Тон Таддео отвечал на вопросы о своей работе охотнее, чем раньше, и было видно, что его больше не беспокоят противоречивые точки зрения на вопросы преломления света или претензии Тона Эссера Шона.
– Пока гипотеза кажется бессмысленной, – говорил он, – нужно искать ее подтверждения путем наблюдения тем или иным образом. Я создал некоторые гипотезы с помощью новых – или вернее очень старых – математических изысканий, которые мне удалось обнаружить в вашей Меморабилии. Они, по-моему, предлагают достаточно простое объяснение некоторым оптическим феноменам, но, откровенно говоря, я не думаю, что мне удастся сразу же проверить их. И тут мне может оказать помощь ваш брат Корнхоер, – с улыбкой он кивнул в сторону изобретателя и показал набросок предполагавшегося устройства.

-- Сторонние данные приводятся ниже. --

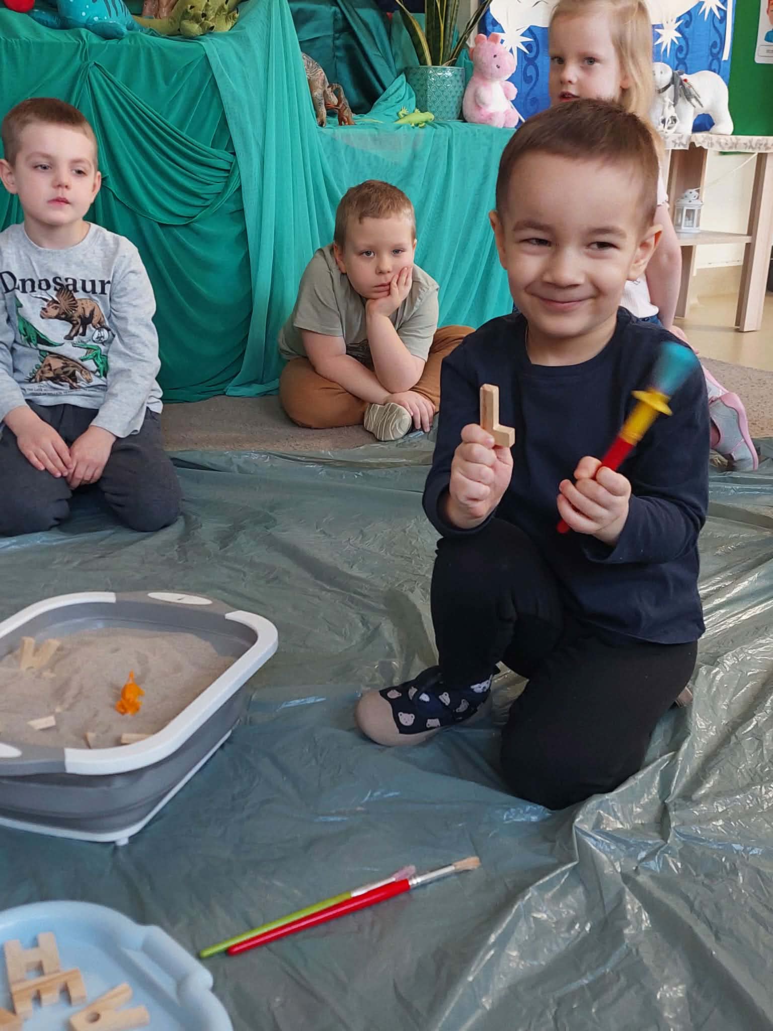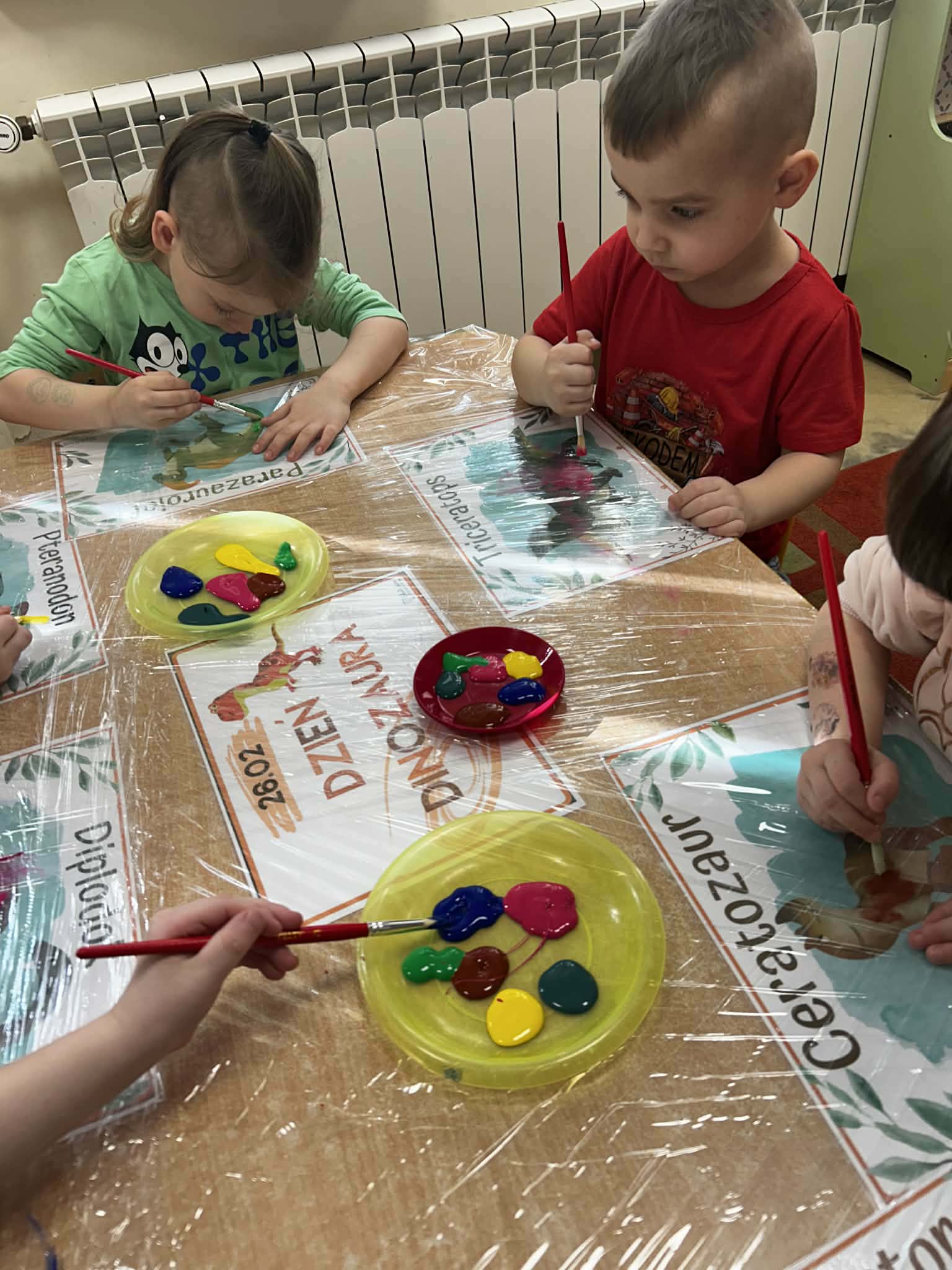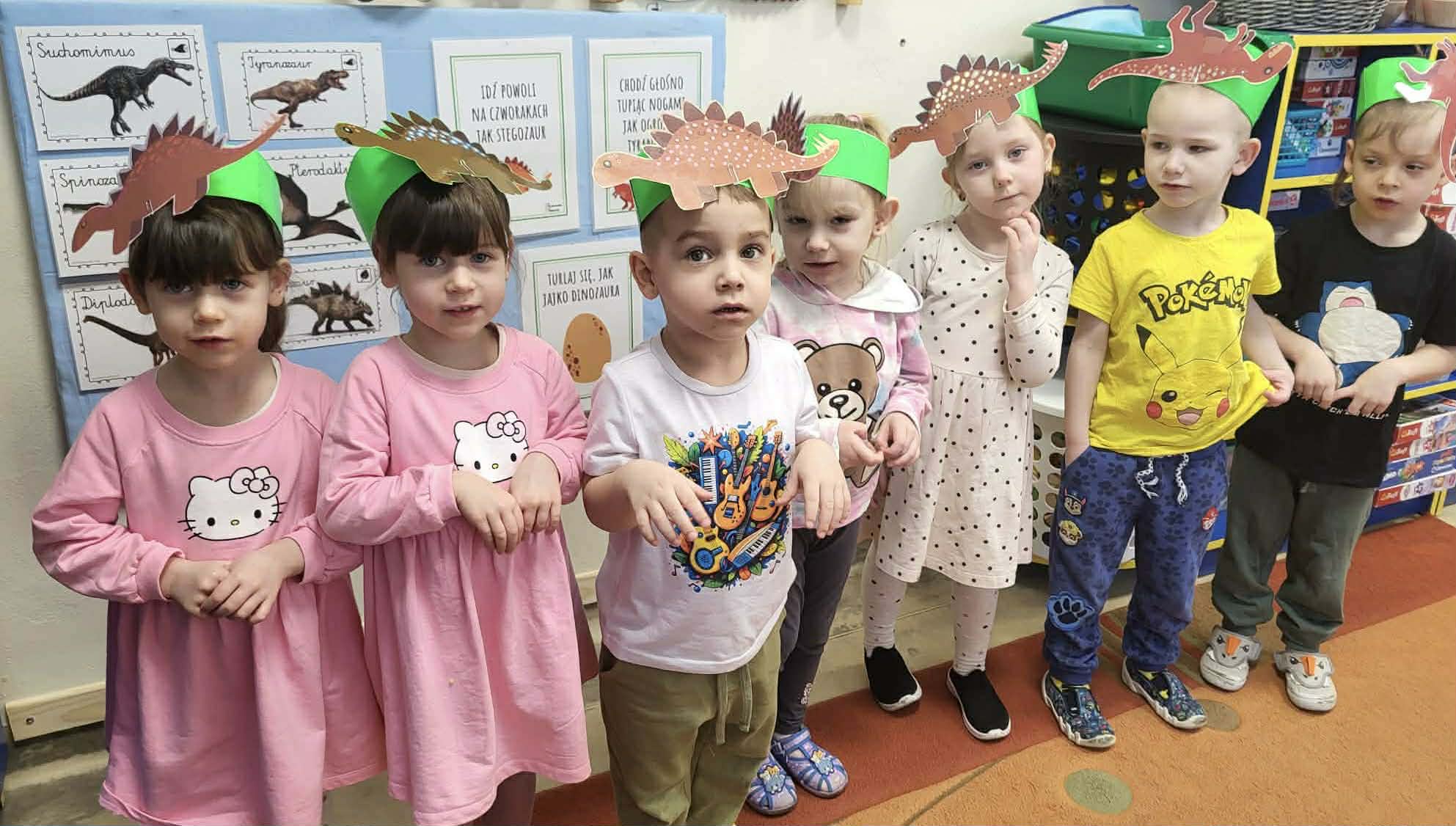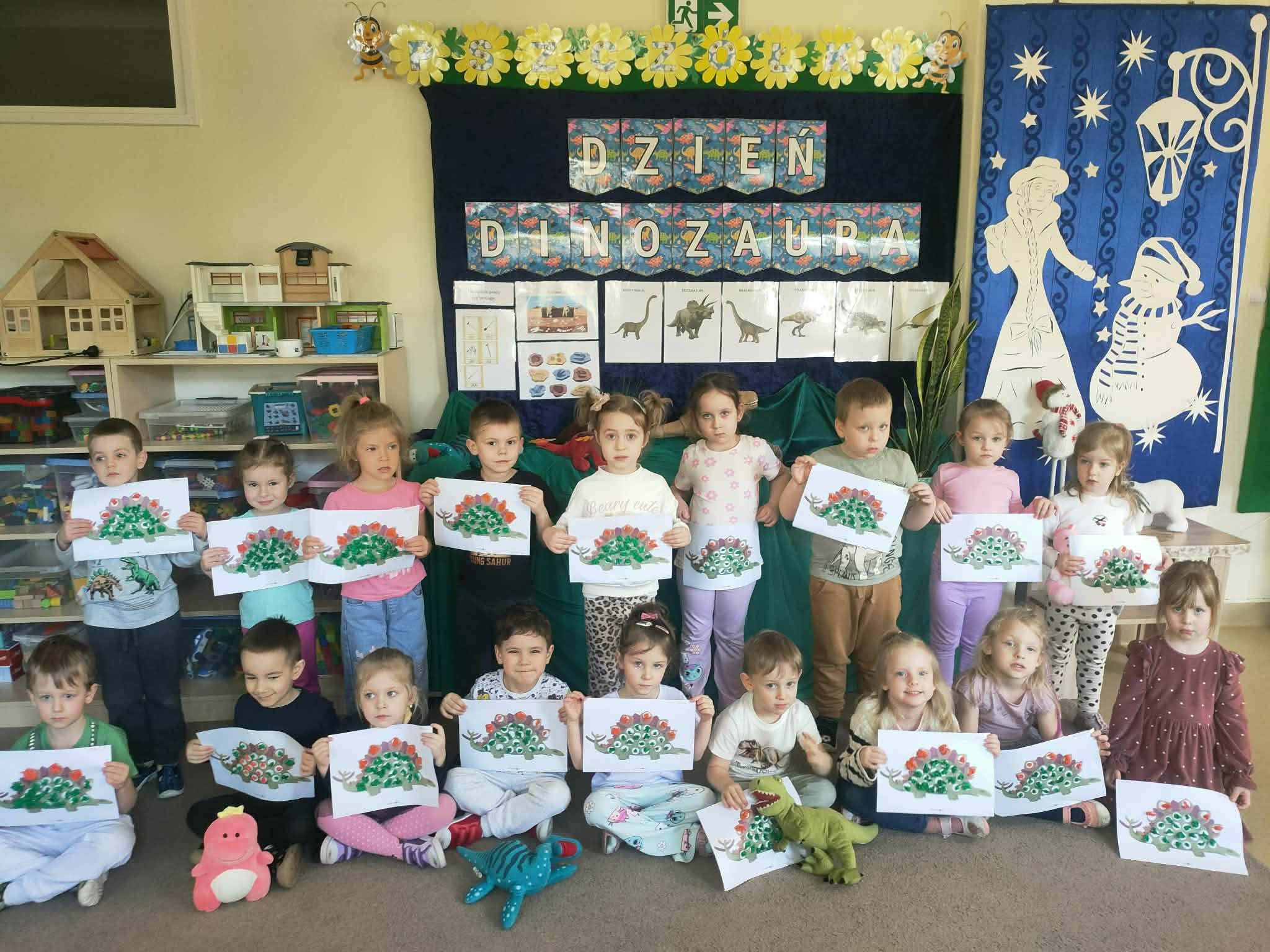 Dnia 26 lutego w naszym przedszkolu obchodziliśmy Dzień Dinozaura. Tego dnia dzieci przeniosły się w niezwykły, prehistoryczny świat dinozaurów. Poznaliśmy ciekawostki o takich gatunkach jak Tyrannosaurus rex, Triceratops oraz Stegosaurus. Dzieci dowiedziały się, kim jest paleontolog i jak powstają skamieniałości. Wspólnie oglądaliśmy ilustracje dinozaurów, bawiliśmy się w „wykopaliska”, a także wykonywaliśmy prace plastyczne – kolorowaliśmy i wycinaliśmy dinozaury, tworzylismy szkielety z makaronów. Nie zabrakło zabaw ruchowych, tańców oraz quizów sprawdzających wiedzę o prehistorycznych gadach. Dzieci z wielkim zaangażowaniem uczestniczyły w zajęciach i chętnie dzieliły się swoimi ciekawostkami.

– Что это? – спросил кто-то после паузы краткого удивления.
– Ну… это стопка стеклянных пластин. Солнечный луч, который под определенным углом падает на нее, частично отражается, а частью поглощается. Отраженная часть света будет поляризована. Затем мы ставим эти пластинки таким образом – это идея брата Корнхоера, – который позволяет лучу света падать на вторую пачку пластинок. Она установлена под точно рассчитанным углом так, что отражает почти весь поляризованный свет и почти ничего не поглощает из него. Но если моя гипотеза справедлива, то, включив напряжение в катушке брата Корнхоера, мы должны увидеть внезапную вспышку поглощенной части спектра. И если этого не произойдет, – он пожал плечами, – значит, гипотезу придется отбросить.
– Вместо этого вы можете выбросить катушку, – вежливо предложил брат Корнхоер. – Я не уверен, что она дает достаточно сильное поле.
– А я уверен. У вас есть инстинктивное ощущение конструкции. Мне куда легче создать любую абстрактную теорию, чем придумать, как практически проверить ее. Но у вас есть редкий дар сразу же увидеть воплощение идеи в проводах, линзах, винтах, пока мне остается лишь придумывать абстрактные символы.
– Но я никогда не могу придумать ни одной абстракции, Тон Таддео.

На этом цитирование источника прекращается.